Malignant Melanoma -

This cancer arises from the melanocytes usually in the skin but can form anywhere, such as in the Bowel Mucosa, Retina of Eye and the Leptomeninges where the melanocytes exist.

  • Here we will be discussing Cutaneous Malignant Melanoma(i.e specifically the Skin Cancer).

Let us learn some facts regarding this cancer-

  1. It is the most aggressive cutaneous malignant tumour.

  2. Although it accounts for less than 5% of skin malignancy generally it is responsible for more than 75% of deaths related to skin malignancy(skin cancer).

  3. Worldwide, Malignant Melanoma accounts for 3% of all cancers. It is common cancer in young adults and is the most likely cause of cancer-related death.

  4. It is largely caused by exposure to UV radiations. More seen in white-skinned races(no offence ;)) that are not suitable for sun exposure.

A condition called Xeroderma pigmentosum acts like a precursor for Malignant melanoma which increases the relative risk of developing Malignant Melanoma to 1000.

The risk factors for developing Malignant melanoma(MM) are:

  1. Xeroderma pigmentosum (relative risk = 1000).

  2. Post medical or family history of MM (Malignant Melanoma) with dysplastic naevi (relative risk = 22-1269).

  3. Previous Melanoma (relative risk = 84).

  4. High total number of naevi (relative risk = 3.4, if >20 naevi).

  5. Dysplastic naevi (10% lifetime risk).

  6. Red hair (relative risk = 3).

  7. Tendency to freckle (relative risk = 1.9)

  8. Immune compromised conditions: HIV infection, Hodgkin's disease, cyclosporin A therapy.

  9. GCPN (increased risk).

  10. History of sunburn - especially in childhood.

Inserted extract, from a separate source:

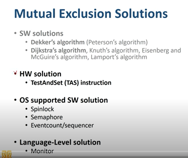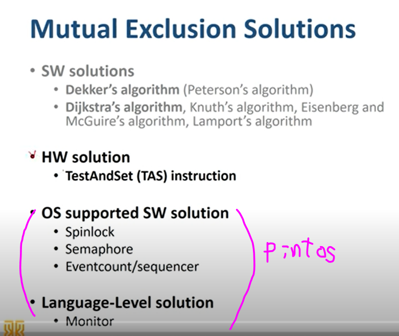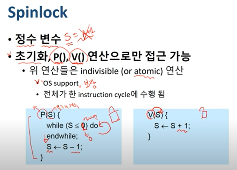 spinlock은 busy waiting 문제 존재, 멀티코어에서만 사용 가능

Sometimes naevus (Benign) may turn into MM: 10-20% chance.

How can we identify this?

Observe the following changes in your naevus-

  • Change in size - any adult naevus > 6mm is suspected(for reference a lead pencil diameter is 7mm) and anything changing to >10mm is more likely to be malignant than benign.

  • Shape - irregular or any changes

  • Colour - any changes

  • Surface(nodularity or ulceration)

  • Satellite lesions(discrete pigmented areas spreading away from the primary)

  • Tingling/itching/serosanguinous discharge(usually late signs)

  • Blood supply: melanomas > 1mm thick have a blood supply that can be found with a hand-held Doppler monitor, so 'Doppler-positive' pigmented lesions should be excised.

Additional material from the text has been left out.